Our body has empty spaces that could, in all likelihood, accommodate technology. Bioart would become intended for a physiological private space (the inside of our stomachs for example). Veritable cyborgs, pure receptacles that escape death and even birth, through cloning… If there was no more birth and no death, how could we define our existence then?

Stelarc drawing with robot arm

stelarc long


Does this ear implanted in the arm of the artist make you cringe? The purpose of it is not that of forcing the body go through a painful experience (even if some of Stelarc’s happenings might make us doubt that).  It is first and foremost a challenge for the artist, that of having access to modern technology, and seeing its results.

Bio-artists are generally trying to make visible things that are not accessible to us.
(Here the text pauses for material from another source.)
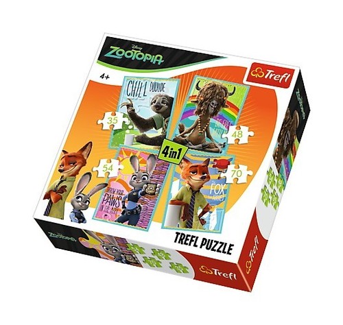 Nie jedna, nie dwie, ale aż cztery układanki zamknięte w jednym pudełku to prawdziwa gratka dla miłośników puzzli! Po ułożeniu otrzymamy cztery obrazki różnej wielkości z bohaterami filmu ""Zwierzogród"". Zestaw doskonale spełnia oczekiwania rodzeństwa - każdy ułoży swój ulubiony obrazek nawet w tym samym czasie. Zróżnicowana liczba elementów pozwala na zabawę zarówno młodszym, jak i nieco starszym dzieciom. Dodatkowym urozmaiceniem zabawy może być układanie na czas, porównywanie obrazków, szukanie różnic i podobieństw.

The lack of public interest doesn’t mean that the performance is not valid, but most of them remain completely confidential, and conduct their researches by themselves. We have to admit that for many artists, narcissism plays quite a big role when it comes to this kind of experiments, whether it be for introspection, or to make their body accessible to everyone, by amplifying it and by offering complete access to it. The inside of the body is no longer a mystery.

As Frankenstein, men carry within them the original wound of not being able to create nature by themselves. Bioart allows artists to become God. But the risks are huge. Bio-technological methods come at very high costs: these artists get almost no recognition, their art doesn’t sell, and even showing their work is almost impossible.

Which means the freedom of creation is complete.